*Assignment*.
What is needed is an exact repetition of the lines from the first one in the data through the line with "SALVAMENTO GLOBAL EM", with no pictures.

*Information shown*.
+ + + + + + +

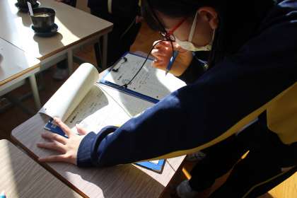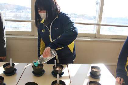2月2日(水)の昼休み、1年生がアポイ岳の高山植物のお世話をしている様子です。
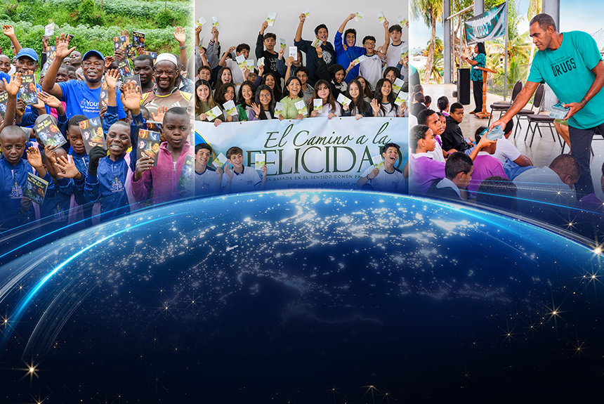 SALVAMENTO GLOBAL EM TODO O MUNDO Mais de 360 milhões de exemplares de O Que São os Direitos Humanos?, A Verdade Sobre as Drogas e O Caminho para a Felicidade foram entregues em todo o mundo, chegando a indivíduos em todas as nações da Terra.
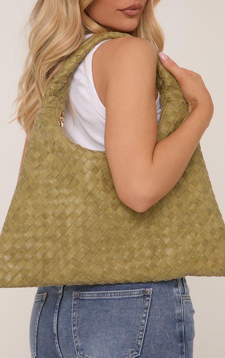 Doll, upgrade your arm candy! Featuring a green faux suede material with woven detailing, this shaped shoulder shopper bag is all about luxe vibes and standout style.
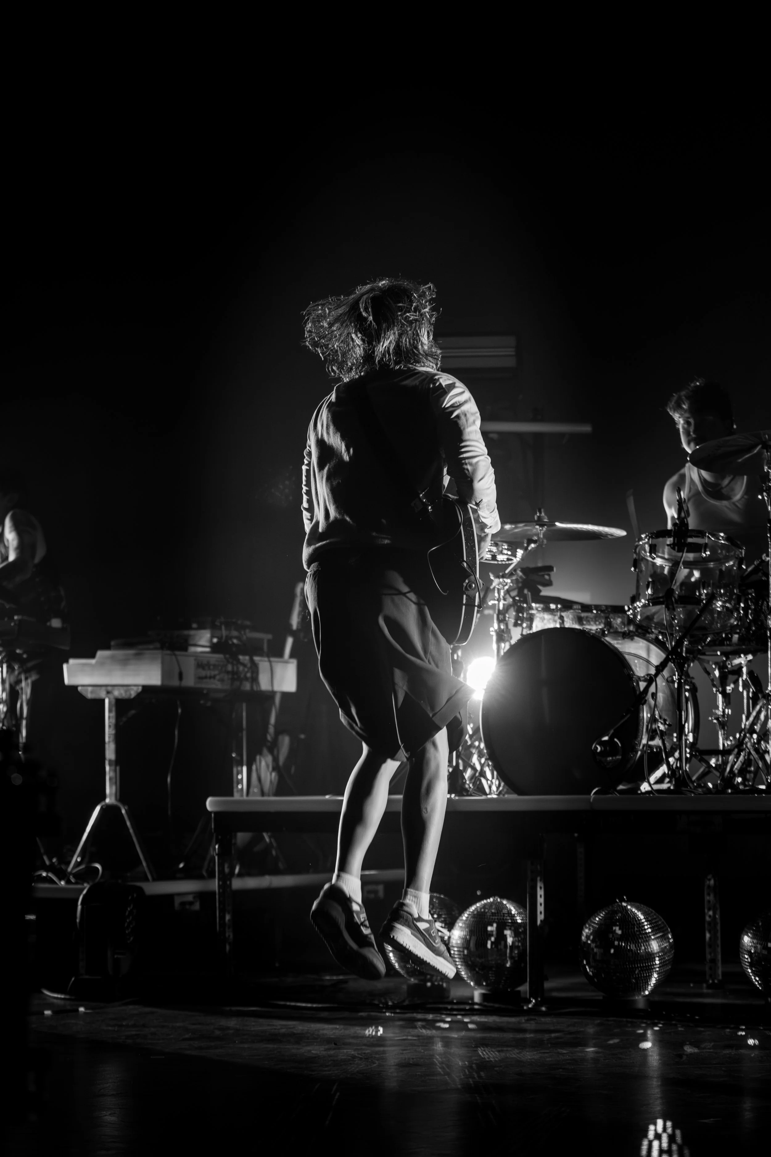 A black and white photo of a musician jumping on stage while playing an electric guitar, with a drummer in the background during a concert.

+ + + + + + +

*Solution to this problem*.
2月2日(水)の昼休み、1年生がアポイ岳の高山植物のお世話をしている様子です。
 SALVAMENTO GLOBAL EM TODO O MUNDO Mais de 360 milhões de exemplares de O Que São os Direitos Humanos?, A Verdade Sobre as Drogas e O Caminho para a Felicidade foram entregues em todo o mundo, chegando a indivíduos em todas as nações da Terra.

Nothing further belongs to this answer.